The results showed that the sample prepared using MS (Figure 1a) had the lowest stability among the emulsions. The difference between the first (red) and last (green) transmission profiles was large, indicating the instability of this system. Furthermore, by analyzing the transmission profiles of the curves, it was found that at values close to 125 mm (lower part of the cuvette), the transmission is greater, which indicates that the phenomenon of destabilization occurring is creaming. This occurred for all emulsions based on [C₁₆MIM]Br, regardless of the preparation mode. Creaming is characterized by gravitational separation, in which the drops move upward because they have a lower density than the continuous phase [27]. The trend in Figure 1b was also observed for emulsions with lower concentrations of IL ([C₁₆MIM]Br at 25 °C), which indicates that the stability of these systems increases when the emulsions are prepared using higher energy (US 40%). A trend was also observed for emulsions at 37 °C. Transmission profiles for all emulsions at 25 °C and 37 °C are presented in Figures S1–S30 in the Supplementary Materials. The same experiments were performed on 3.6 mM [C₁₂MIM]Br emulsions prepared by MS, US 20%, and US 40% (Figure 2).

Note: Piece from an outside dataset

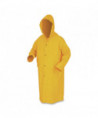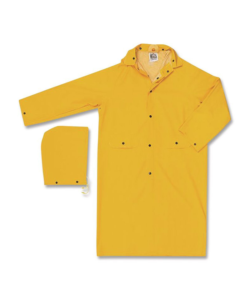 River City® 200C Classic Rain Coat offers cape ventilated back with three mesh holes and two patch pockets. 49" length as well as 0.35 mm of thickness. Black plastic snap storm fly front. Features underarm vents for improved air flow. Black plastic take up snaps at the wrists. Made of durable PVC/polyester. Includes detachable hood with drawstring.

As shown in Figure 2, all emulsions have transmission profiles that do not depend on temperature (25 °C and 37 °C) or the concentration of [C₁₂MIM]Br. The trend displays a small variation in the transmittance of emulsions prepared using MS compared to those prepared at 20% and 40% US. This indicates that the high-energy method renders less stable [C₁₂MIM]Br emulsions. Similar to what was observed for the emulsion based on [C₁₆MIM]Br, a greater transmission was detected at values close to 127 mm (lower part of the cuvette), indicating the occurrence of creaming. Comparing the transmission profiles of the emulsions based on [C₁₂MIM]Br and [C₁₆MIM]Br, it is evident that the difference between the first (red) and the last (green) profiles for [C₁₂MIM]Br is smaller than the difference for [C₁₆MIM]Br. All transmission profiles of emulsions are shown in Figures S1–S30 in the Supplementary Materials. In addition to the aforementioned transmission profiles, LUMiSizer also provides instability indices for the systems (see Tables S1 and S2 in the Supplementary Materials). The indices for the studied emulsions are shown in Figure 3.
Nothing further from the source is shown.